Utopian Morality

In the past, communities were held together, and public morality maintained, by the personal sense of shame and obligation, the habituation of moderate emotional responses, the concern for family honor, and the desire to prove oneself worthy of the responsibilities of individual self-government. Today, in a quest to root out all moral aberrations and imperfections, societies employ school-indoctrinated slogans, omnipresent cameras, algorithmic monitors, and an ever-expanding panoply of mandates and quasi-regulatory social tribunals to direct and delimit everyone’s actions, words, and even thoughts, by means of the omnipresent awareness of being prodded, watched, ordered, and frightened into behaviors that are never truly chosen, actions without real alternatives.

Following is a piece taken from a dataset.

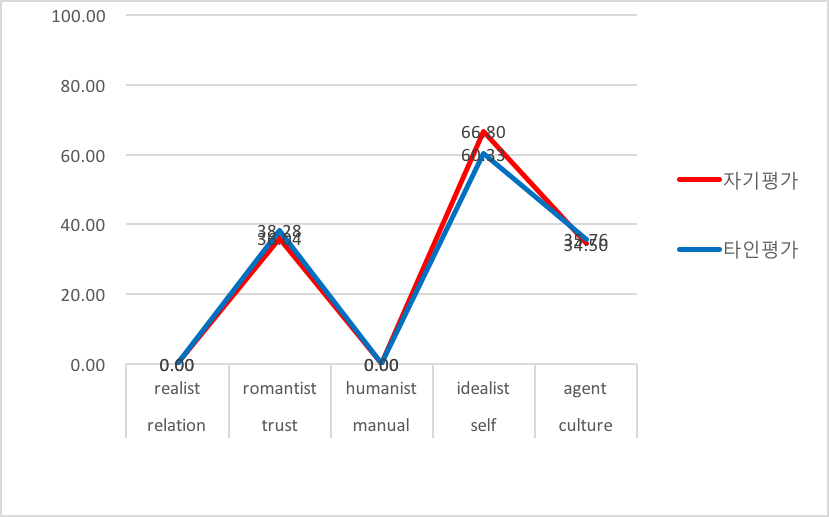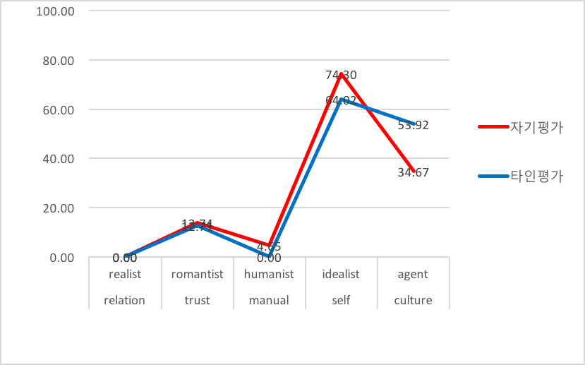 고경만씨는 평상시에는 아이디얼리스트의 성향만이 뚜렷 하다가, 새로운 환경에 적응하는 동안에는 로멘티스트 성향이 높아지는 것으로 보입니다.

The result of this recent perfecting of artificial (i.e., mechanistic) methods of social control? The internal regulatory system of the free and responsible individual has been replaced with external controls, which if ever lifted for a moment would reveal anarchy, which is to say a crowd (not a community in any proper sense) comprised of overgrown and poorly raised children, guided only by anxiety over getting caught or obedience rooted in the practical futility of trying anything, and restrained only by calculations of what they can get away with or by the laziness of unthinking mob compliance.

In short, public morality has been reduced to mutual assured destruction — the Hobbesian state of nature — slowed only by fear of the monitors and the lassitude of deeply ingrained pointlessness. This is the paradoxical essence and inevitable outcome of ceding the tasks of moral education and social cohesiveness to the machinery of the utopian bureaucratic police state.